A collection of computer, gaming and general nerdy things.

Thursday, May 14, 2015

Moving to Github Pages

I'm in the process of migrating this blog to github pages. I find that using blogger as my medium complicates my workflow.

With github pages, I can use pelican to build my blog and push the output to a repo on github, which then shows up on the page.

However, with blogger, I need to convert the output to HTML, load it into my clipboard, open blogger and create a new post. Even a nice bash function only takes me so far as Google's API requires authentication with OAuth. And their Python wrapper doesn't support Python 3.

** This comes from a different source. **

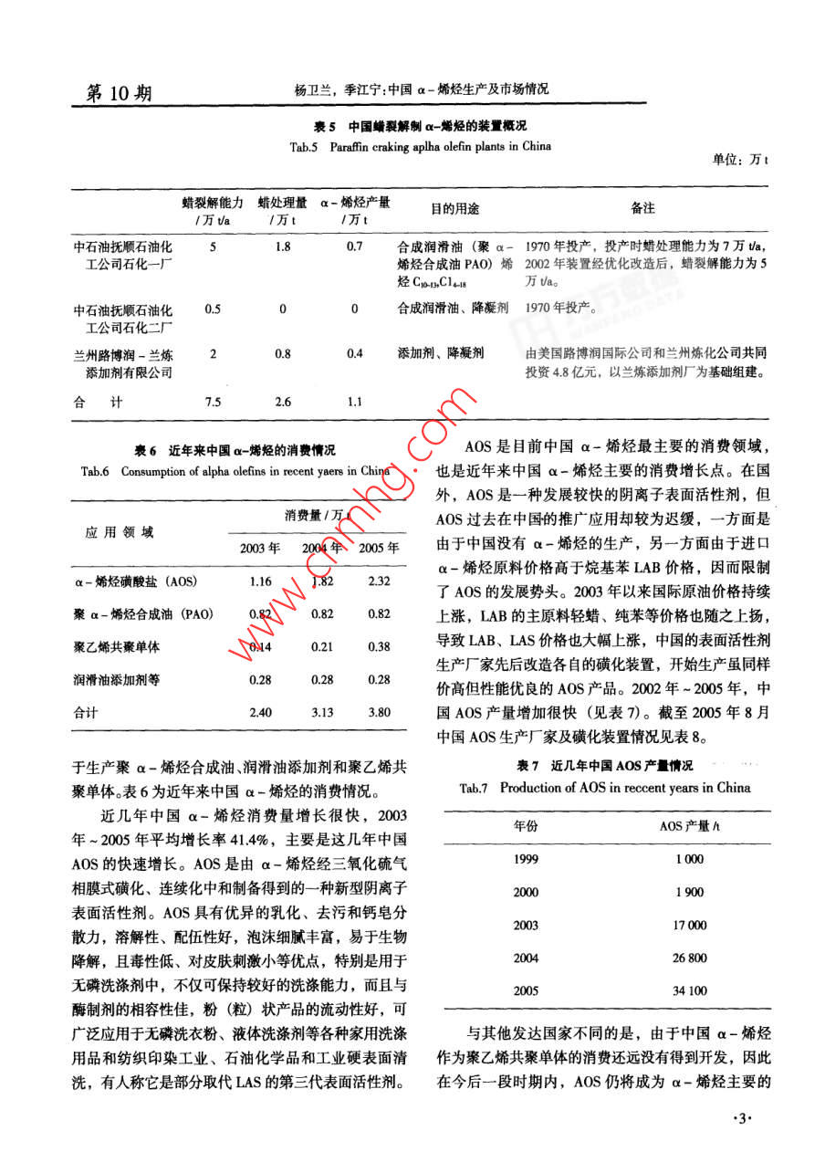 日用化學(xué)品科學(xué)第29卷表2全球 LAO生產(chǎn)商(截至2003年底)Tab.2 LAO producers in the world,2003生產(chǎn)商生產(chǎn)能力1萬(wàn)va工藝路線(xiàn)備注Ineos Chemical Pasadena,TX美國(guó)50.8B1992年7月投產(chǎn),1998年擴(kuò)產(chǎn), 2005年12月關(guān)閉。Jfre,Alberta加拿大24.9BP2001年底投產(chǎn)。Feluy比利時(shí)30.0BI1992年投產(chǎn)。Chevron Pillips Chemical LP (CPChem)70.3CPChem1997年1月從29.5萬(wàn)/a擴(kuò)產(chǎn)至34萬(wàn)Va, 2000 年第3CedarBayou,TX美國(guó)季度再擴(kuò)大34萬(wàn)Uao 2000年8月-套新的34萬(wàn)Ua的裝置投產(chǎn)。Idermitsu Petrochemical Company, Ltd.5.Idemitsu1989年投產(chǎn)。.Ichihara,ChibaPrefecture 日本Mitsubishi Chemical Corporation6.02001年擴(kuò)產(chǎn)。Kurashiki,Okayama Prefecture日本Nizhnekamskneftekhim Nizhnekamsk 俄羅過(guò)去產(chǎn)能為18萬(wàn)tla,僅生產(chǎn)1-己烯(以乙烯為原料)。斯Q-ChemMasaieed 卡塔爾4.72003年2月投產(chǎn)。Sasol Chemical Industries Secunda南非23.6煤氣化1994年投產(chǎn),目前僅有1-已烯和辛烯-1。Shell Chemnical Company Geismar,LA美國(guó)92.1Shell(SHOP) 2002 年擴(kuò)產(chǎn)。EllesmerePort英國(guó)33.0Shell(SHOP) 2003 年擴(kuò)產(chǎn)。合350表3 2003 年LAO分地區(qū)供求情況烴,但該裝置建成后一直沒(méi)生產(chǎn),其他以乙烯為原料Tab.3 Supply/demand of LAO by area, 2003生產(chǎn)a-烯烴的裝置仍處于試驗(yàn)階段。單位:萬(wàn)va中國(guó)目前仍以石蠟裂解法為主生產(chǎn)a-烯烴。北美西歐 俄羅斯南非卡塔爾日本合計(jì)主要生產(chǎn)廠有中石油下屬的撫順石化一廠、石油二廠能力238.1 63.0.023.64.11.8 350.2和蘭州路博潤(rùn)-蘭煉添加劑有限公司,總蠟裂解能力產(chǎn)量173.3 47.517.510.6 254.9為7.5萬(wàn)tla。 中國(guó)蠟裂解裝置蠟處理量約為2.6萬(wàn).進(jìn)口量0.7 24.8 01.6 27.1Va,年生產(chǎn)蠟裂解a-烯烴產(chǎn)品1.1萬(wàn)t,產(chǎn)品主要出口量29.74.5 3.4 17.03.0 57.6用于制造合成潤(rùn)滑油、降凝劑和潤(rùn)滑油添加劑。中國(guó)消費(fèi)量144.3 67.82.60.9.2 224.4蠟裂解制a-烯烴的裝置概況見(jiàn)表5。1980年,世界范圍內(nèi)采用熱裂解法制a-烯烴表4 2003年世界主要地區(qū)LAO消費(fèi)情況的有美國(guó)、法國(guó)和荷蘭等國(guó),生產(chǎn)能力約30萬(wàn)UaoTab.4 Consumption of LAO by main areas of world, 2003國(guó)外由于原料精蠟的來(lái)源有限以及a-烯烴產(chǎn)品質(zhì).北美1%西歐1%日本1%量差,隨著乙烯低聚法的發(fā)展,熱裂解法已逐漸被淘聚乙烯共聚單體39.832.458.7汰。到1986年,美國(guó)和西歐的蠟裂解生產(chǎn)裝置已全合成醇25.830.27.6部停產(chǎn),改用乙烯低聚法制取高質(zhì)量的a-烯烴。PAO12.328.94中國(guó)c-烯烴消費(fèi)情況其他22.18.533.7中國(guó)a-烯烴(含蠟裂解a-烯烴和進(jìn)口a-烯合計(jì)10000烴產(chǎn)品)主要用于生產(chǎn)a-烯烴磺酸鹽AOS,其次用.2.第10期楊衛(wèi)蘭,季江寧:中國(guó)a-烯烴生產(chǎn)及市場(chǎng)情況表5中國(guó)蠟裂解制a烯烴的裝t概況Tab.5 Parafin craking aplha olein plants in China單位:萬(wàn)t蠟裂解能力蠟處理量 a-烯烴產(chǎn)量目的用途備注1萬(wàn)tla1萬(wàn)t中石油撫順石油化1.8).7合成潤(rùn)滑油(聚a- 1970 年投產(chǎn),投產(chǎn)時(shí)蠟處理能力為7萬(wàn)tla,工公司石化一廠烯烴合成油PAO)烯2002 年裝置經(jīng)優(yōu)化改造后,蠟裂解能力為5烴Crors,C1ui8萬(wàn)Vao0.50合成潤(rùn)滑油、降凝劑1970 年投產(chǎn)。工公司石化二廠蘭州路博潤(rùn)-蘭煉0..4添加劑、降凝劑由美國(guó)路博潤(rùn)國(guó)際公司和蘭州煉化公司共同添加劑有限公司投資4.8億元,以蘭煉添加劑廠為基礎(chǔ)組建。合計(jì)7.52.6.1表6近年來(lái)中國(guó)ax烯烴的消費(fèi)情況AOS是目前中國(guó)a-烯烴最主要的消費(fèi)領(lǐng)域,Tab.6 Consumption of alpha olefins in recent yaers in China也是近年來(lái)中國(guó)a-烯烴主要的消費(fèi)增長(zhǎng)點(diǎn)。在國(guó)外,AOS 是一種發(fā)展較快的陰離子表面活性劑,但消費(fèi)量/萬(wàn)tAOS過(guò)去在中國(guó)的推廣應(yīng)用卻較為遲緩,一方面是應(yīng)用領(lǐng)域2003年2004年 2005 年由于中國(guó)沒(méi)有a-烯烴的生產(chǎn),另一方面由于進(jìn)口a-烯烴原料價(jià)格高于烷基苯LAB價(jià)格,因而限制a-烯烴磺酸鹽(AOS)1.161.822.32了AOS的發(fā)展勢(shì)頭。2003 年以來(lái)國(guó)際原油價(jià)格持續(xù)聚a-烯烴合成油(PAO)0.82上漲,LAB的主原料輕蠟、純苯等價(jià)格也隨之上揚(yáng),導(dǎo)致LAB、LAS價(jià)格也大幅上漲,中國(guó)的表面活性劑聚乙烯共聚單體0.140.210.38生產(chǎn)廠家先后改造各自的磺化裝置,開(kāi)始生產(chǎn)雖同樣潤(rùn)滑油黍加劑等0.28價(jià)高但性能優(yōu)良的AOS產(chǎn)品。2002 年~ 2005年,中2.403.133.80國(guó)AOS產(chǎn)量增加很快(見(jiàn)表7)。截至2005年8月中國(guó)AOS生產(chǎn)廠家及磺化裝置情況見(jiàn)表8。于生產(chǎn)聚a-烯烴合成油、潤(rùn)滑油添加劑和聚乙烯共表7近幾年中國(guó)AOS產(chǎn) 情況聚單體。表6為近年來(lái)中國(guó)u -烯烴的消費(fèi)情況。Tab.7 Production of AOS in reccent years in China近幾年中國(guó)a-烯烴消費(fèi)量增長(zhǎng)很快,2003年份AOS產(chǎn)量h年~ 2005年平均增長(zhǎng)率41.4%,主要是這幾年中國(guó)AOS的快速增長(zhǎng)。AOS是由a-烯烴經(jīng)三氧化硫氣19991000相膜式磺化、連續(xù)化中和制備得到的- -種新型陰離子0001 900表面活性劑

If I were building my blog through a web interface, that's one thing. But I'm not. I like being able to issue one or two short commands in bash to do everything. So, blogger, I bid you adieu. I hope you do well. But I'm ending this relationship because of you and your stubbornness.

Sunday, May 10, 2015

Quotly: Building a simple JSON API with Flask, Marshmallow and SQLAlchemy

My love of Flask is well known. It's a great microframework that puts you in control of the pieces needed in your webapp. It comes with templating, requests, responses, cookies, sessions, routing and... really, that's it. Routes can be built by decorating functions or by inheriting from flask.views.View or flask.views.MethodView depending on your needs.

Something I've explored in the past is building a simple RESTful service using Flask and SQLAlchemy. However, that blog post fell into the trap of "Look at all this code!" that happens to me regretfully often. D: However, I'd like revisit the idea and explore the topic a little more in depth.

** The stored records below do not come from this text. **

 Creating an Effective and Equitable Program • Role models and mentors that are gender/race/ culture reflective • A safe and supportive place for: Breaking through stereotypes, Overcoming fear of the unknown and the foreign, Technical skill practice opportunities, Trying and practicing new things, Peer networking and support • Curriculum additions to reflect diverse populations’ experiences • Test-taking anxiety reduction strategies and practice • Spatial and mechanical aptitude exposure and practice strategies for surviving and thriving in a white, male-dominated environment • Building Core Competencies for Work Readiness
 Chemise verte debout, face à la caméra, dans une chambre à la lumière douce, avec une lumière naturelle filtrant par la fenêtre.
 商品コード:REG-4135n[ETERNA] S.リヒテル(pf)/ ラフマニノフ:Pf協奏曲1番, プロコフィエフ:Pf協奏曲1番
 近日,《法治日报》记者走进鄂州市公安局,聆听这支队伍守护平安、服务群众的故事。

I will forewarn, that this post is still pretty code heavy. If that's the sort of thing that makes your eyes glaze over, you may want to go to /r/pitbulls instead.

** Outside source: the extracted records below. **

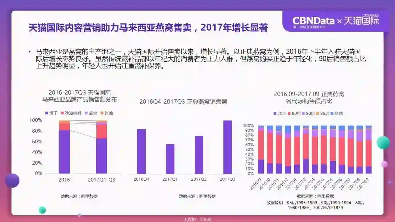 曾几何时燕窝是电视剧中贵妇的标配之一,而今不仅走进了大众的日常生活,更是加入了年轻人的滋补清单。根据CBNData《报告》显示,马来西亚作为燕窝的主产地之一,自天猫国际开始售卖以来,增长显著。以马来西亚正典燕窝为例,自2016年下半年入驻天猫国际后增长态势良好,从2016年9月到2017年9月按年龄段分布销售占比来看,90后销售额占比上升趋势明显,可见燕窝购买正趋于年轻化,年轻人也开始滋补保养。
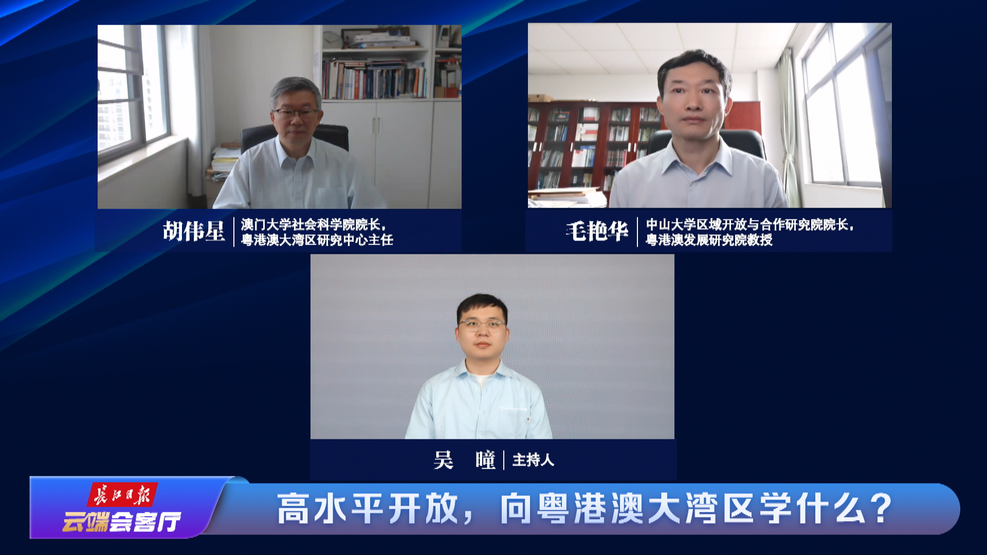 如今,粤港澳大湾区发展的显著成果,正成为世界观察中国高质量发展的重要窗口。近日,长江日报云端会客厅邀请澳门大学社会科学学院院长胡伟星和中山大学区域开放与合作研究院院长毛艳华,分享交流粤港澳大湾区服务国家对外开放的先进经验,并为武汉加快打造内陆开放新高地提出建议。
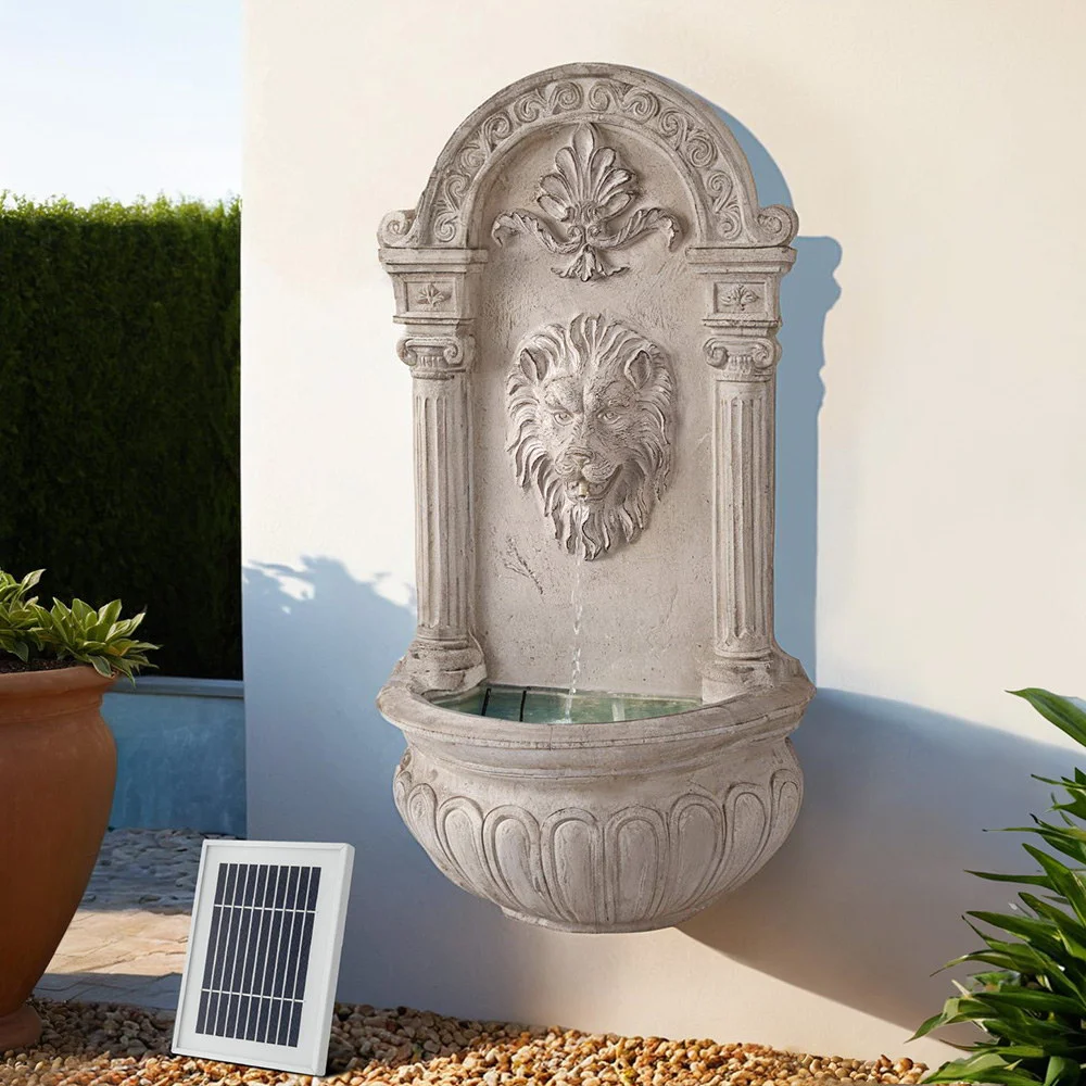 Elevate your outdoor decor with the Gardeon Solar Fountain Water Feature. This 77cm beige fountain showcases a timeless lion head design, offering a tranquil cascading water effect. Perfect as a wall-mounted or freestanding feature, it includes three LED lights for day-to-night ambience. Solar-powered with an efficient panel and rechargeable battery, it ensures uninterrupted beauty even after sunset. Easy to set up and maintain, it includes a water pump for optimal circulation, making it an eco-friendly centrepiece for gardens, patios, or courtyards.

Quotly: Cheeky Movie Quotes for Web 2.0

Okay, lame. But it's not another TODO list, though not much better. But by the end, hopefully we'll feel comfortable with Flask, Flask-SQLAlchemy, Marshmallow (12/10 serializer library) and a little bit of Flask-Restful (though, it's going to be used as a base that we're going to modify).

This post was written with Python 3.4, but it should work with at least 2.7 and 3.3. I'm not sure about others and I'm too lazy to add the deadsnakes PPA right now. D:

You can follow along with vim or PyCharm or whatever. The full application is at the bottom of the post as well if you'd rather peek now.

If you are following along, I recommend making two files: app.py and run.py. app.py is where we'll obviously be building Quotly. The run.py will simply run the debug server on the side, just set that one up to look like this:

In [ ]:
from app import app

if __name__ == '__main__':
    app.run(debug=True, reload=True)

Step Zero: Needed packages

Instead of installing packages along every step, let's just get all that mess out the way now...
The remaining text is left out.